- Work to be completed
The answer is an exact repeat of the entries below, with the pictures omitted.

/---

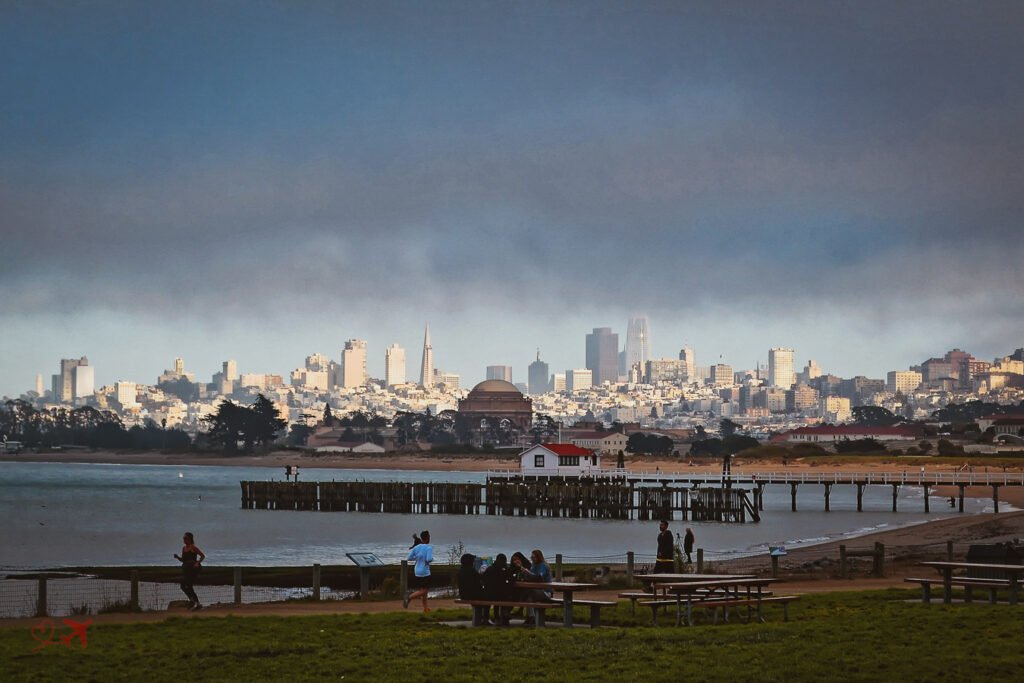Stehst Du am Strand, liegt auf der linken Seite die Golden Gate Bridge und auf der rechten Seite die Skyline von San Francisco.
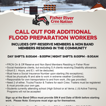Fisher River Cree Nation is a community in which our history, language, traditions, and culture are paramount to who we are as a people. We will protect and maintain the spirit and intent of the treaties and our inherent rights. Fisher River will be a self-sustaining progressive community with a strong and accountable government. We will provide an environment where all people are healthy, safe, and respected.
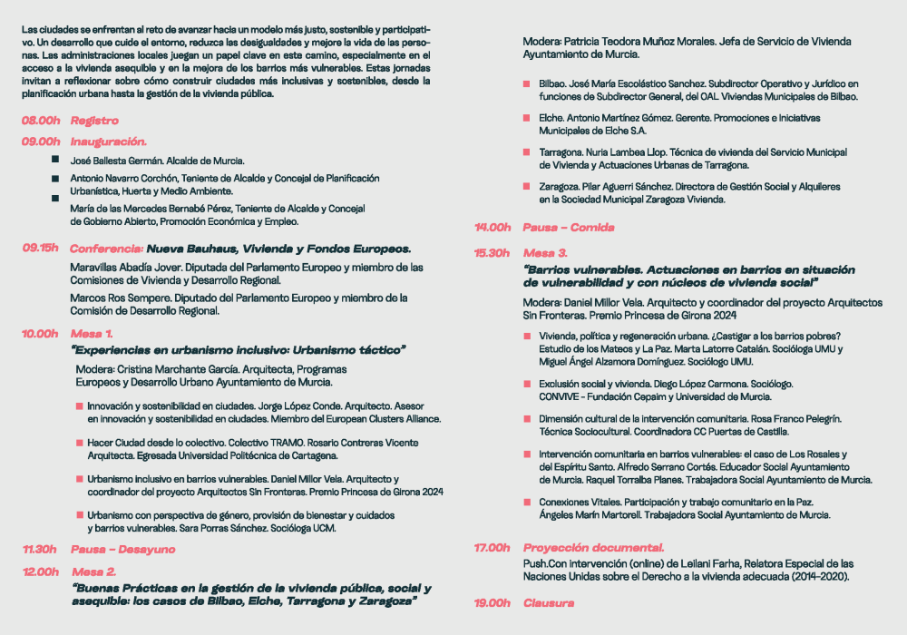 La jornada reunirá a personas expertas y profesionales para compartir ideas y experiencias sobre cómo mejorar nuestros barrios y favorecer el acceso a la vivienda, abordando algunos de los retos actuales relacionados con el derecho a la vivienda y el desarrollo urbano.
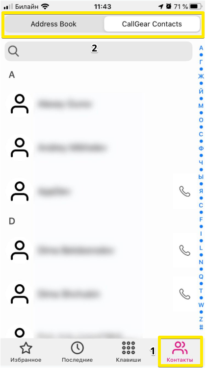 Если вы хотите позвонить абоненту из списка контактов телефона, перейдите на вкладку Контакты и выберите Adress Book, если вы хотите позвонить своему коллеге, выберите CallGear Contacts:
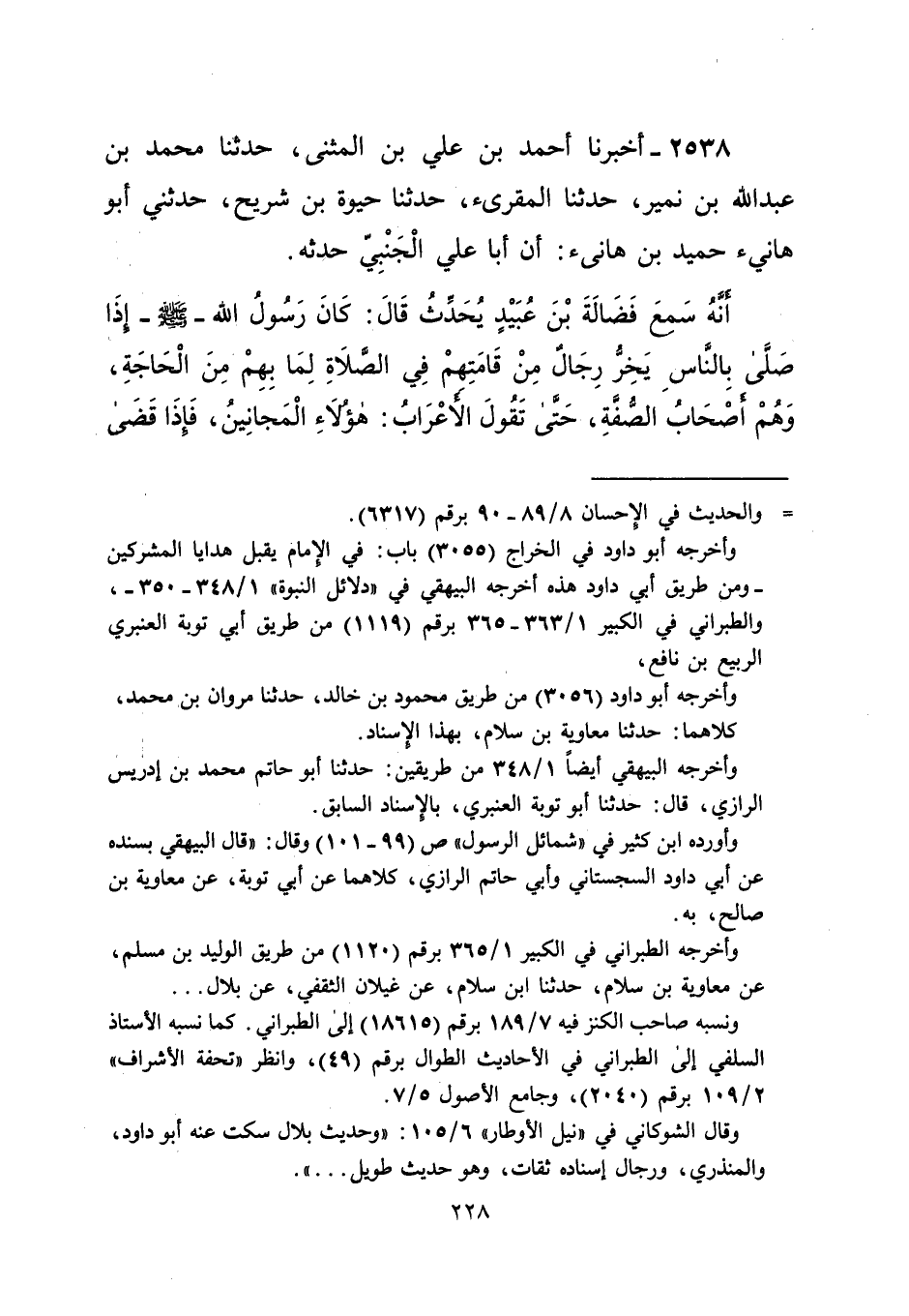 2538 - أخبرنا أحمد بن علي بن المثنى، حدثنا محمد بن عبد الله بن نمير، حدثنا المقرئ، حدثنا حيوة بن شريح، حدثني أبو هانئ حميد بن هانئ: أن أبا علي الْجَنْبِيّ حدثه. أَنَّهُ سَمعَ فَضَالَةَ بْنَ عُبَيْدٍ يُحَدِّثُ قَالَ: كَانَ رَسُولُ الله- صلى الله عليه وسلم- إذَا صَلَّى بِالنَّاسِ يَخِرُّ رِجَالٌ مِنْ قَامَتِهمْ فِي الصَّلاةِ لِمَا بِهِمِ الْحَاجَةِ، وَهُمْ أَصْحَابُ الصُّفَةِ، حتى تَقُولَ الأَعْرَابُ: هؤلاَءِ الْمَجانِينُ، فَإذَا قَضَى
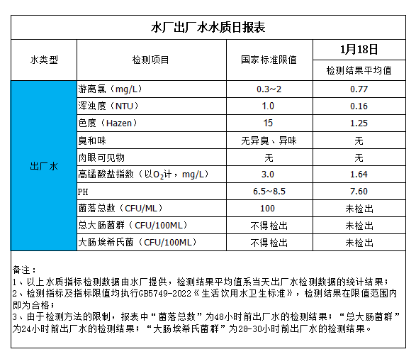 水廠出廠水水質(zhì)日報(bào)表(2024-1-18)
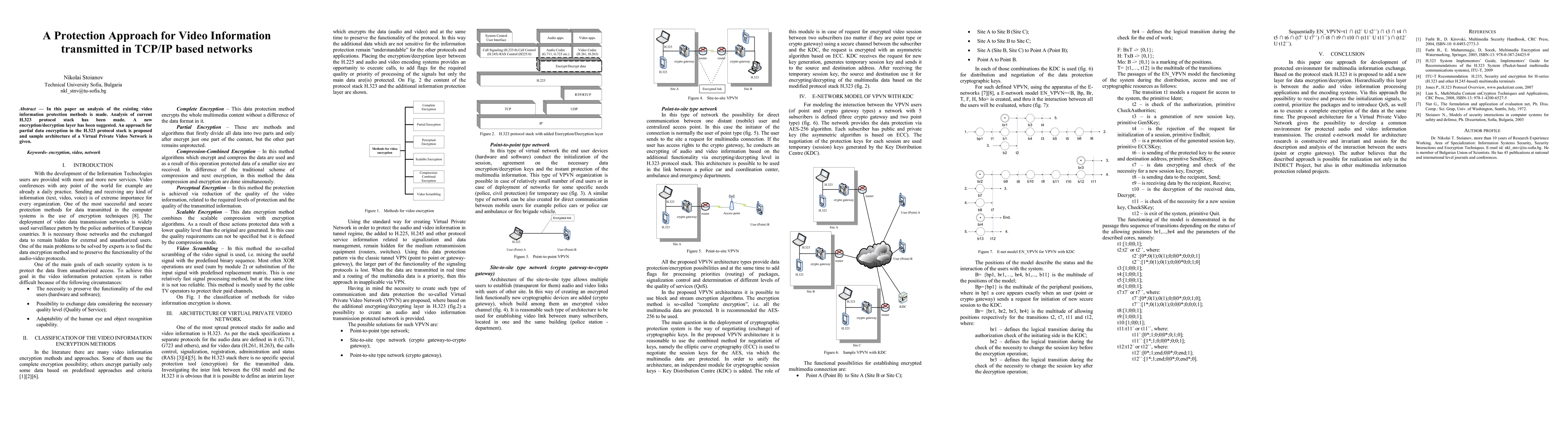 In this paper an analysis of the existing video information protection methods is made. Analysis of current H.323 protocol stack has been made. A new encryption/decryption layer has been suggested. An approach for partial data encryption in the H.323 protocol stack is proposed and sample architecture of a Virtual Private Video Network is given.
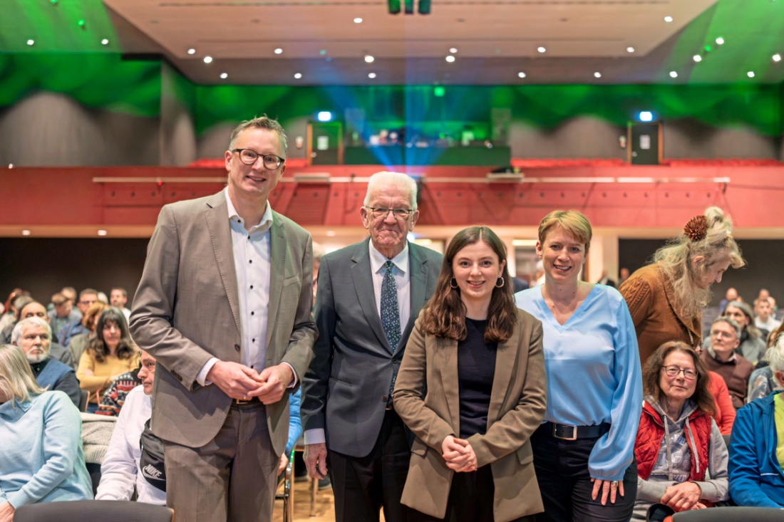 Die drei Landtagskandidaten des Kreises nutzten die Bühne für den Wahlkampf. Der scheidende Ministerpräsident Winfried Kretschmann aus dem Wahlkreis Nürtingen gab seinen Parteifreunden nochmals Schützenhilfe.
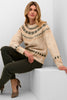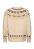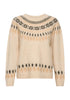 Knitted sweater with a straight fit, featuring a round neckline and long sleeves. Textured soft finish with contrasting geometric pattern across yoke, hem and cuffs.

\---

- Task result
Stehst Du am Strand, liegt auf der linken Seite die Golden Gate Bridge und auf der rechten Seite die Skyline von San Francisco.
Fisher River Cree Nation is a community in which our history, language, traditions, and culture are paramount to who we are as a people. We will protect and maintain the spirit and intent of the treaties and our inherent rights. Fisher River will be a self-sustaining progressive community with a strong and accountable government. We will provide an environment where all people are healthy, safe, and respected.
 La jornada reunirá a personas expertas y profesionales para compartir ideas y experiencias sobre cómo mejorar nuestros barrios y favorecer el acceso a la vivienda, abordando algunos de los retos actuales relacionados con el derecho a la vivienda y el desarrollo urbano.
 Если вы хотите позвонить абоненту из списка контактов телефона, перейдите на вкладку Контакты и выберите Adress Book, если вы хотите позвонить своему коллеге, выберите CallGear Contacts:
 2538 - أخبرنا أحمد بن علي بن المثنى، حدثنا محمد بن عبد الله بن نمير، حدثنا المقرئ، حدثنا حيوة بن شريح، حدثني أبو هانئ حميد بن هانئ: أن أبا علي الْجَنْبِيّ حدثه. أَنَّهُ سَمعَ فَضَالَةَ بْنَ عُبَيْدٍ يُحَدِّثُ قَالَ: كَانَ رَسُولُ الله- صلى الله عليه وسلم- إذَا صَلَّى بِالنَّاسِ يَخِرُّ رِجَالٌ مِنْ قَامَتِهمْ فِي الصَّلاةِ لِمَا بِهِمِ الْحَاجَةِ، وَهُمْ أَصْحَابُ الصُّفَةِ، حتى تَقُولَ الأَعْرَابُ: هؤلاَءِ الْمَجانِينُ، فَإذَا قَضَى
 水廠出廠水水質(zhì)日報(bào)表(2024-1-18)
 In this paper an analysis of the existing video information protection methods is made. Analysis of current H.323 protocol stack has been made. A new encryption/decryption layer has been suggested. An approach for partial data encryption in the H.323 protocol stack is proposed and sample architecture of a Virtual Private Video Network is given.
 Die drei Landtagskandidaten des Kreises nutzten die Bühne für den Wahlkampf. Der scheidende Ministerpräsident Winfried Kretschmann aus dem Wahlkreis Nürtingen gab seinen Parteifreunden nochmals Schützenhilfe.
 Knitted sweater with a straight fit, featuring a round neckline and long sleeves. Textured soft finish with contrasting geometric pattern across yoke, hem and cuffs.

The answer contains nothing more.